Crawford Temple is CEO of Professional Passport, the UK’s largest independent assessor of payment intermediary compliance. He claims HMRC must be held accountable for umbrella compliance failures
The head of HMRC, Jim Harra, is set to face tough questioning from the Public Accounts Committee next month over the lack of progress on tackling tax avoidance and fraud that is costing the UK economy millions each year. Despite numerous measures implemented to combat tax avoidance, these efforts are clearly falling short. Harra himself has boasted of prosecuting or convicting around 20 promoters of tax avoidance schemes in recent years - a shockingly low number that shows these criminal enterprises are still thriving.

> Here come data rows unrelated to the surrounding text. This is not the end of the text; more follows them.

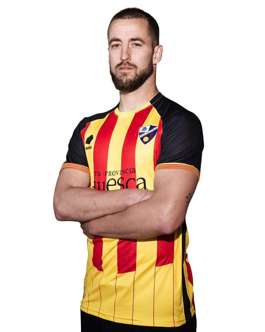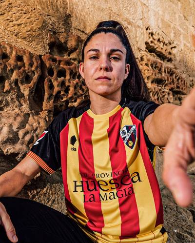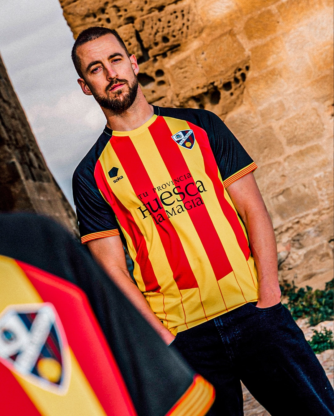 Designed and produced in Aragón in collaboration with Soka, the shirt features vertical red and yellow stripes inspired by the regional flag, paired with black sleeves. The cuffs include a distinctive multi-coloured band in red and yellow, adding another nod to the flag of Aragón.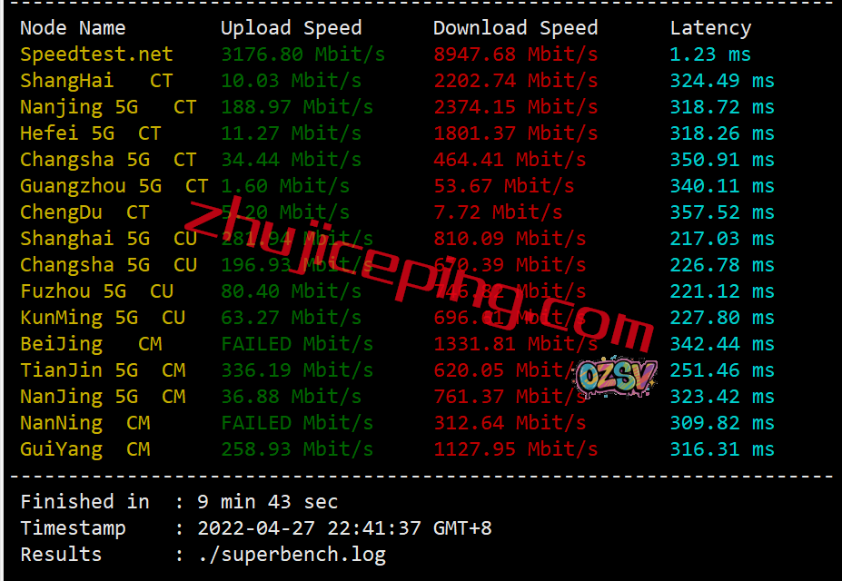 换个时间,晚高峰期间,我们再重新跑一次看看,下行带宽最高跑到8947Mbps,大致推测带宽至少有10Gbps: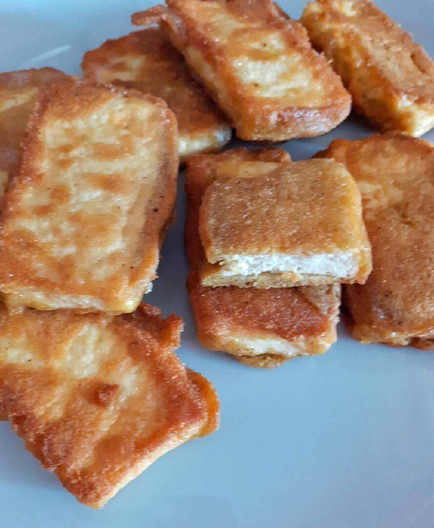 #академия #восточнаякухня #завтрак Сыр тофу с пикантной, хрустящей корочкой отлично подойдет для прекрасного начала дня. Быстро и вкусно. Ингредиенты: сыра тофу, у меня домашний, яйцо, муки, любой, соевого соуса, соль, специи, сушёный чеснок, Растительное масло для жарки сыра Способ приготовления: Подготовить все необходимое количество ингредиентов. Сыр порезать ломтиками, не сильно большими. В яйцо добавить соль, сушёный чеснок и специи, взбить венчиком. Соли необходимо всыпать столько, чтобы при добавлении соевого соуса было достаточно соленого вкуса. У меня это было примерно 2 хорошие щепотки. После этого влить соевый соус и ещё хорошо взбить венчиком. Всыпать муку. У меня была кукурузная, но можно взять любую. Главное, чтобы получилась консистенция средней жидкости и можно было обмакивать ломтики сыра. Обваливаем ломтики сыра в кляре и обжариваем на разогретой сковороде с добавлением растительного масла до румяной корочки. Обжаренные ломтики выложить на бумажное полотенце. И можно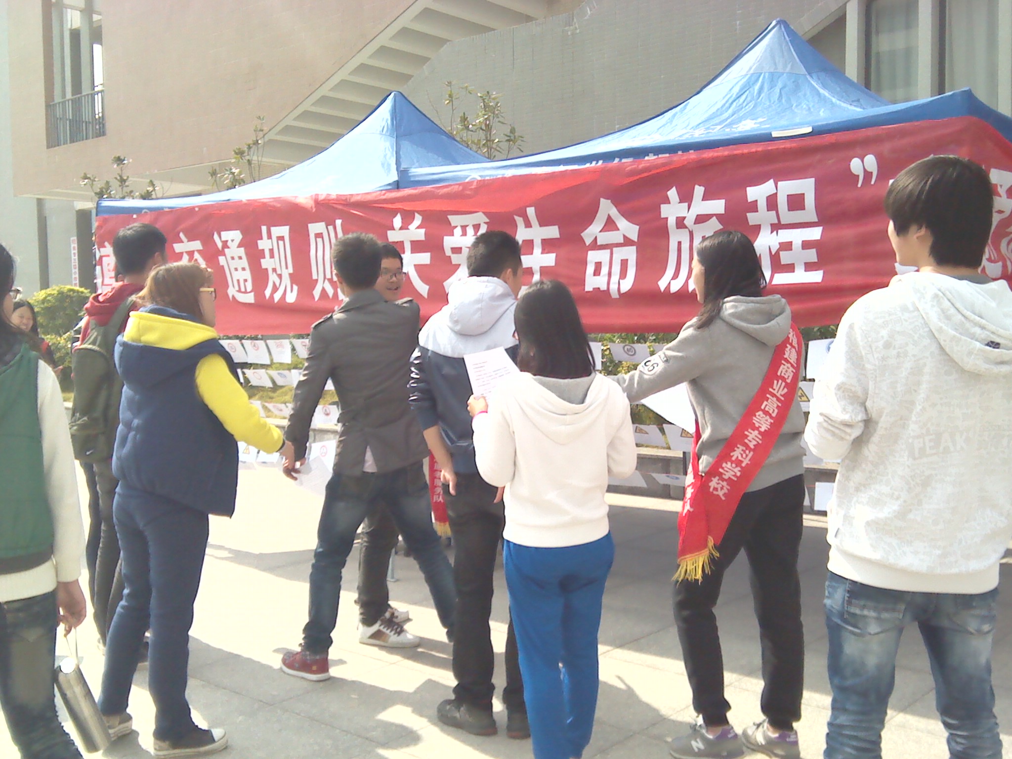 自改革开放以来,我国旅游业迅速发展,社会上出现了旅游热潮。随着元旦、春节假期的临近,旅游人数更是剧增,但从整体来看,我国公民的整体道德素质与快速发展的旅游业还不相适应。国内的景区常常惨遭一些不文明行为的破坏,反映我国公民整体道德素质的缺失,特别是国人境外出游时,例如乱刻乱画的报道屡见不鲜,“中国式旅游”已成为外国人的笑点,这不仅体现了自身修养问题,更是损害了我国“礼仪之邦”的形象。为此经济贸易系青年志愿者服务队于2013年12年20日—21日举办了以“倡导旅游新风尚,共创旅游新文明”为主题的活动。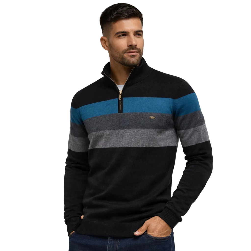 Herregenser med Høy Krage og Glidelås – Myk Bomullsgenser til Høst og Vinter | Varm og Elegant Pullover i Klassisk Stil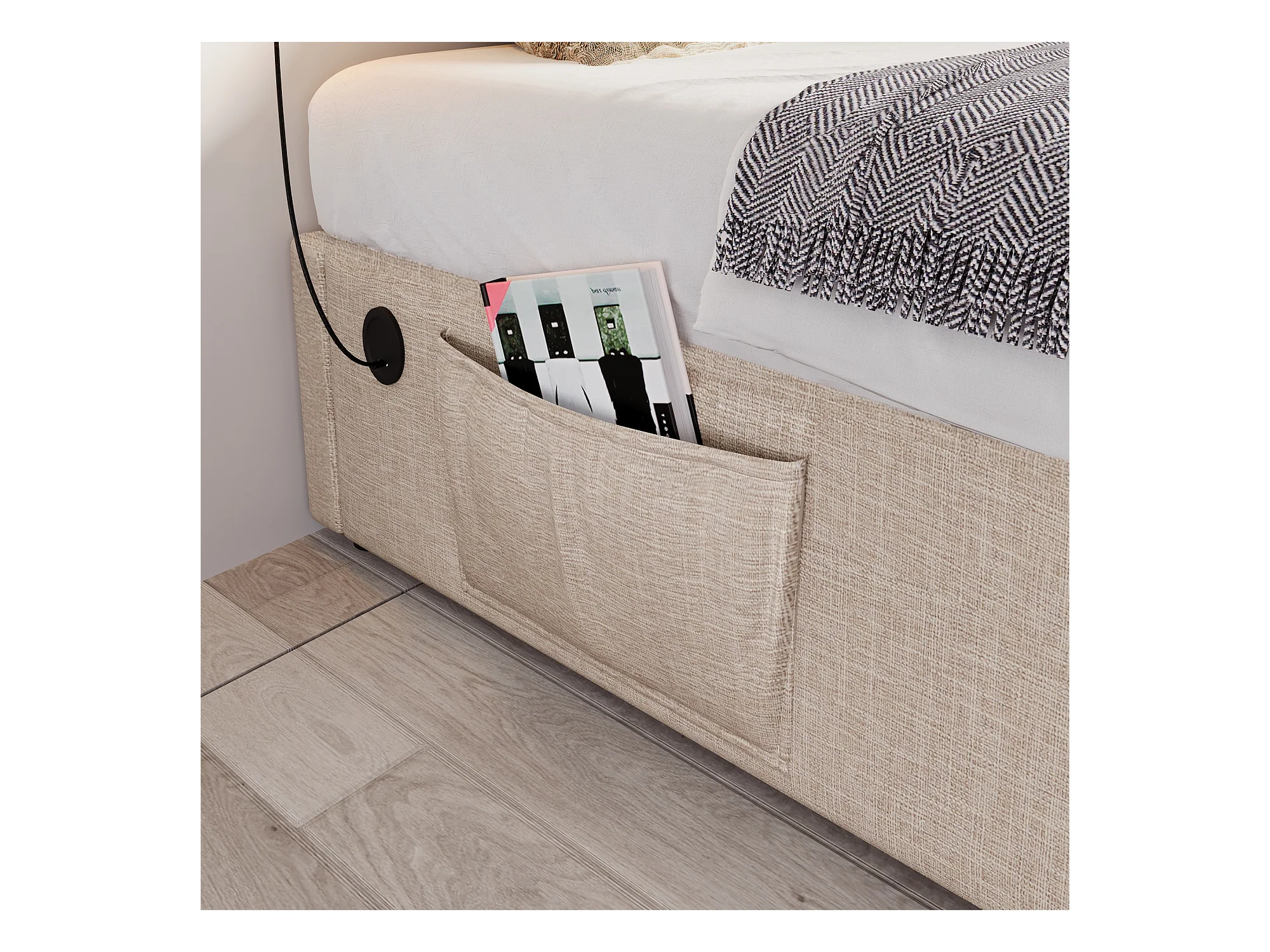 Lit coffre 160 x 200 cm - Lit enfant avec port USB et poche de rangement - lin beige - sans matelas

This is especially true in the umbrella company sector that has ballooned since IR35 reforms forced contractors to work through intermediaries. Many so-called umbrella firms are no more than fronts for tax avoidance, tricking contractors into signing up then disappearing without paying taxes. Yet HMRC continues to pursue individual contractors acting in good faith while letting the real criminals behind these schemes off the hook. This flawed, unjust approach must end.

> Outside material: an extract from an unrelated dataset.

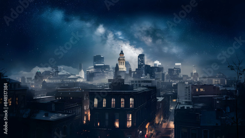 © Matadesain, Fototapeta premium Starry Skyline A Photorealistic Cityscape at Night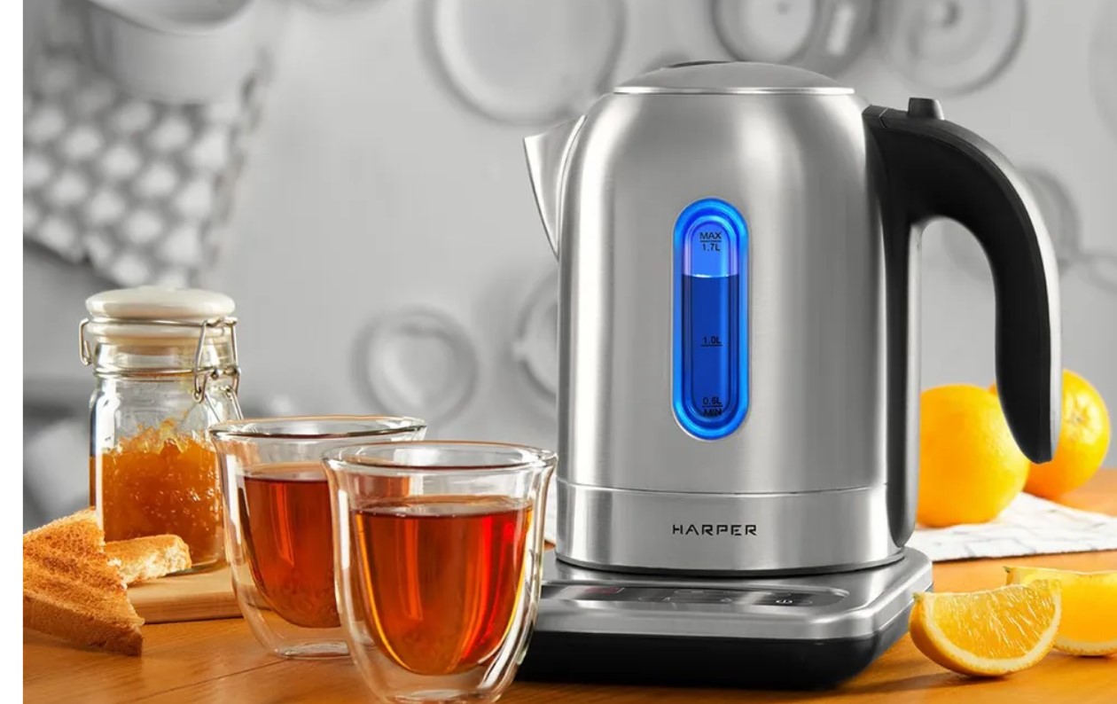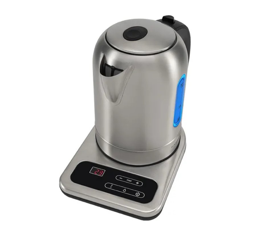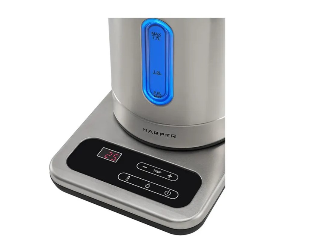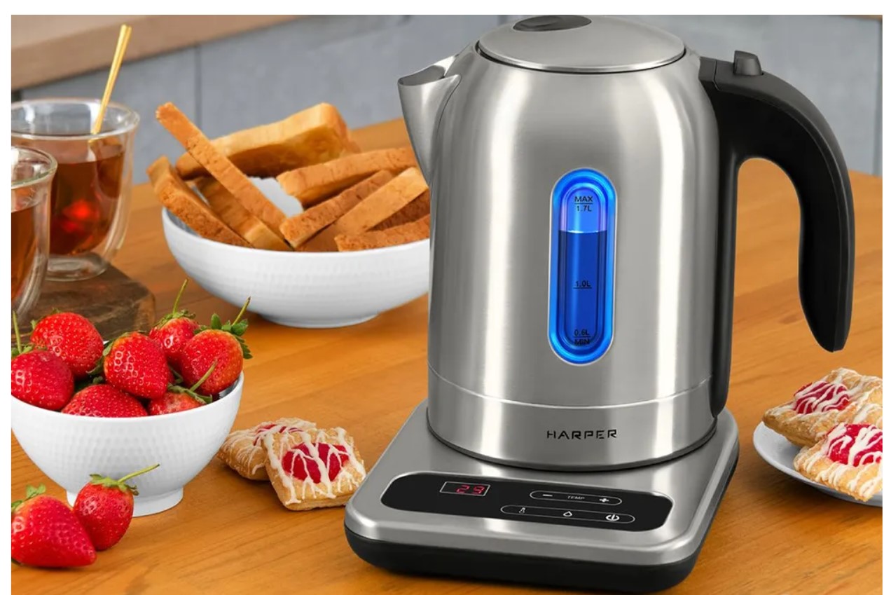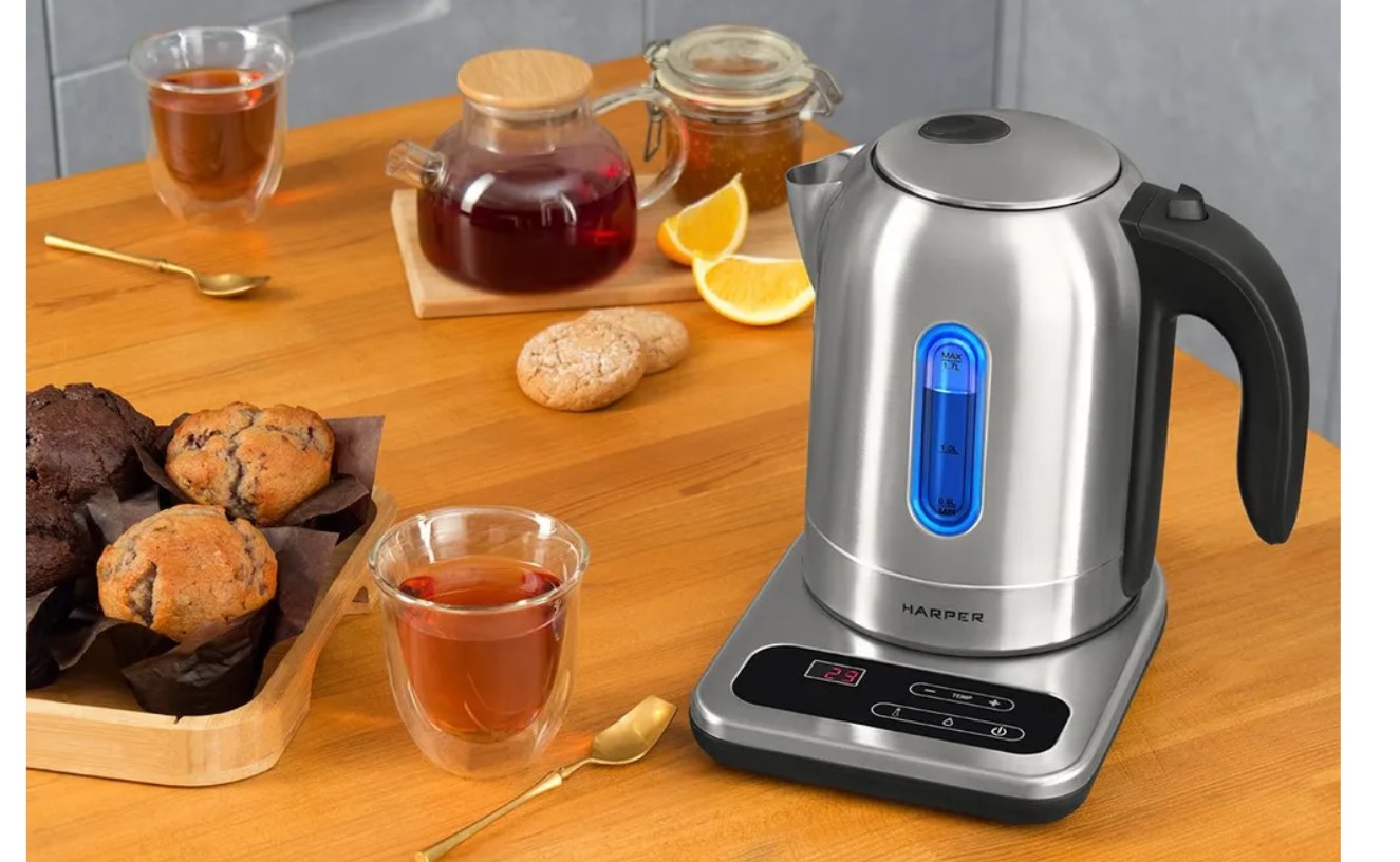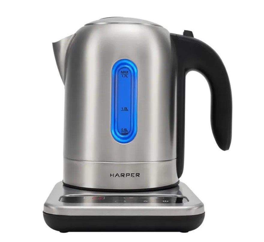Конструкция чайника: Дисплей, Индикатор уровня воды, Отсек для шнура, Светоиндикатор работы, Фильтр от накипи

HMRC already has extensive data on contractor payments through Real Time Information (RTI) and Intermediary Reporting that came into effect in 2013 and 2015. These requirements provide HMRC with comprehensive data on payments to contractors that should make identifying tax avoidance schemes straightforward. Yet it appears this data is not being effectively utilised to proactively pinpoint anomalies that would flag illegal behaviour.

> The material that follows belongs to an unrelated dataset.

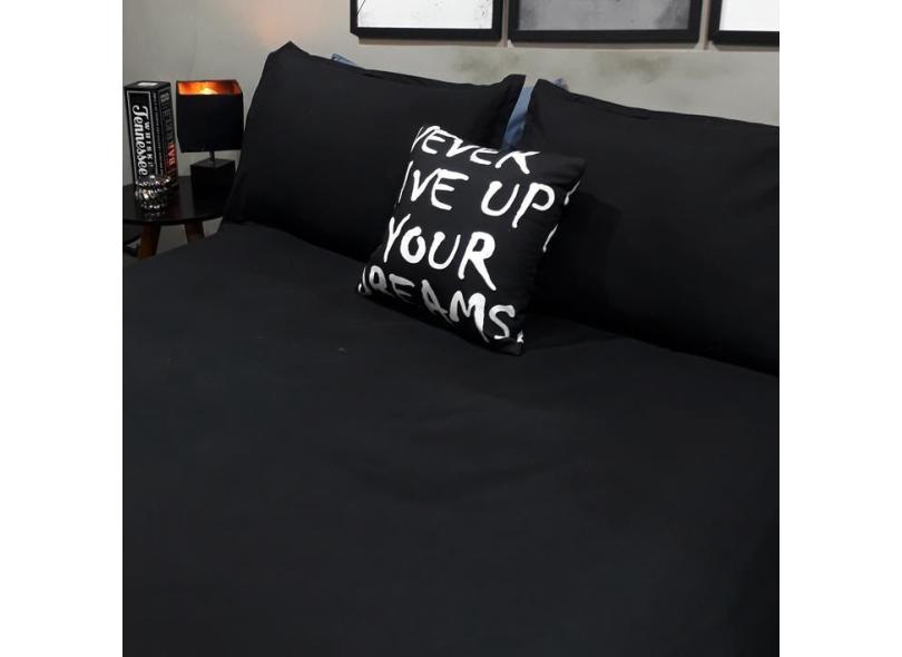Lençol Com Elástico Solteiro King 4 Un Preto Almofada Decor

The Public Accounts Committee must challenge HMRC on why this data is not being exploited more effectively. HMRC urgently needs to prioritise developing monitoring tools that cross-check datasets like RTI and Intermediary Reporting. HMRC should be working more closely with the recognised compliance bodies to raise standards and by working together and tapping into the data only then will we be assured of stamping out non-compliance and limiting the access to market for criminals to do business.
Enforcement also needs to be ramped up. HMRC has a broad range of measures that it can use to identify the criminals but they are not working effectively. HMRC’s naming and shaming campaign sees perpetrators disappear from the list after 12 months only to open for business under a new name and seeking to lengthen conviction times for criminals is simply a case of shutting the stable door after the horse has bolted. Once schemes are identified HMRC could close them quickly by applying significant penalties which could become personalised liabilities for those running schemes.
With tax avoidance on the rise, HMRC can no longer drag its heels on compliance. HMRC is failing in its fundamental duty to collect taxes owed and is creating an uneven playing field that punishes compliant businesses and contractors.
The Public Accounts Committee must demand answers from HMRC on improving payment intermediary compliance. HMRC already has the information needed to drastically curb tax avoidance. Until HMRC takes robust action, billions in unpaid taxes will continue leaking from the UK economy each year. The time for excuses is over.